[Data block]:
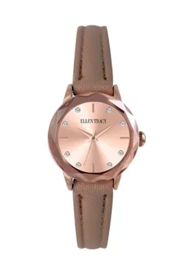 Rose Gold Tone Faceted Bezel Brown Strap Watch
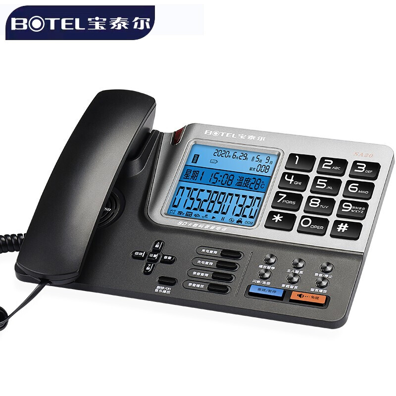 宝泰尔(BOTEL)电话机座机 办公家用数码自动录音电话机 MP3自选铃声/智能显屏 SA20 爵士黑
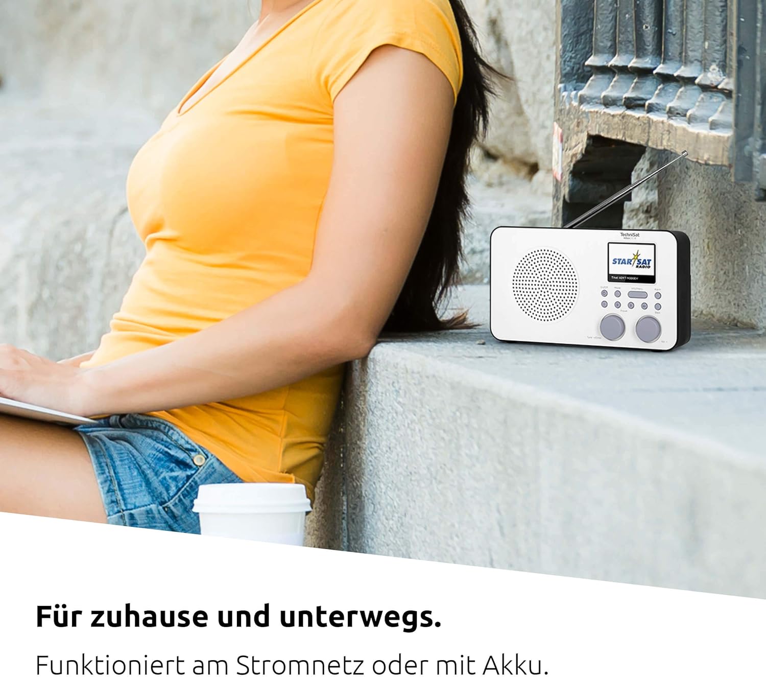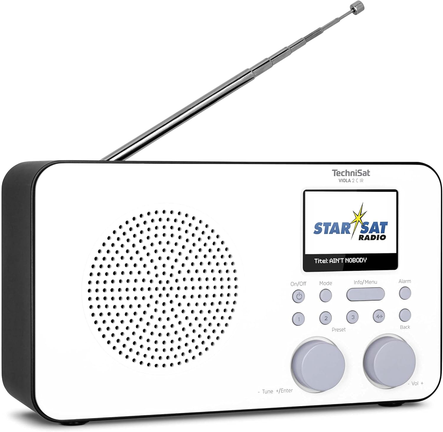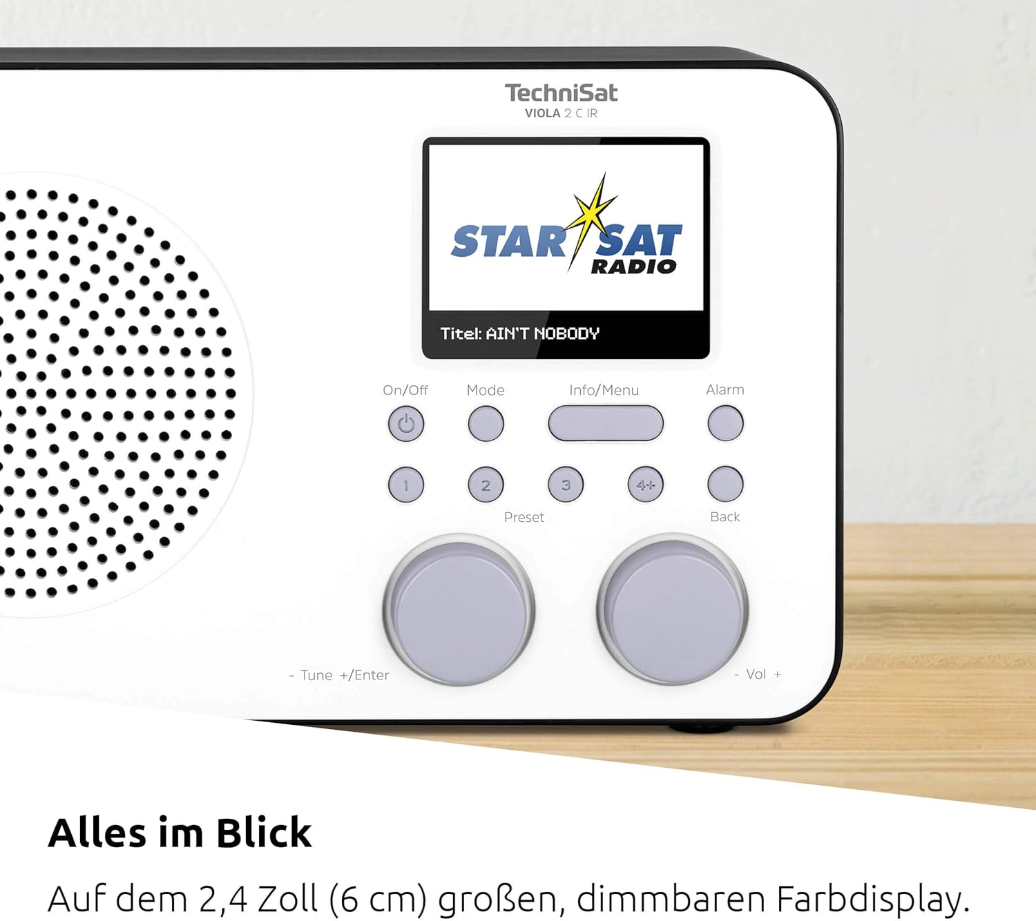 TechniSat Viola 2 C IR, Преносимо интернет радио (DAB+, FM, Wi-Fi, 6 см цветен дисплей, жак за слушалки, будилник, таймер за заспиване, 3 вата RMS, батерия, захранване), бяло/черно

[What to work on]: Only the pictures stay out; everything else in the listing above must be repeated exactly.

[Reply to the exercise]:
 Rose Gold Tone Faceted Bezel Brown Strap Watch
 宝泰尔(BOTEL)电话机座机 办公家用数码自动录音电话机 MP3自选铃声/智能显屏 SA20 爵士黑
 TechniSat Viola 2 C IR, Преносимо интернет радио (DAB+, FM, Wi-Fi, 6 см цветен дисплей, жак за слушалки, будилник, таймер за заспиване, 3 вата RMS, батерия, захранване), бяло/черно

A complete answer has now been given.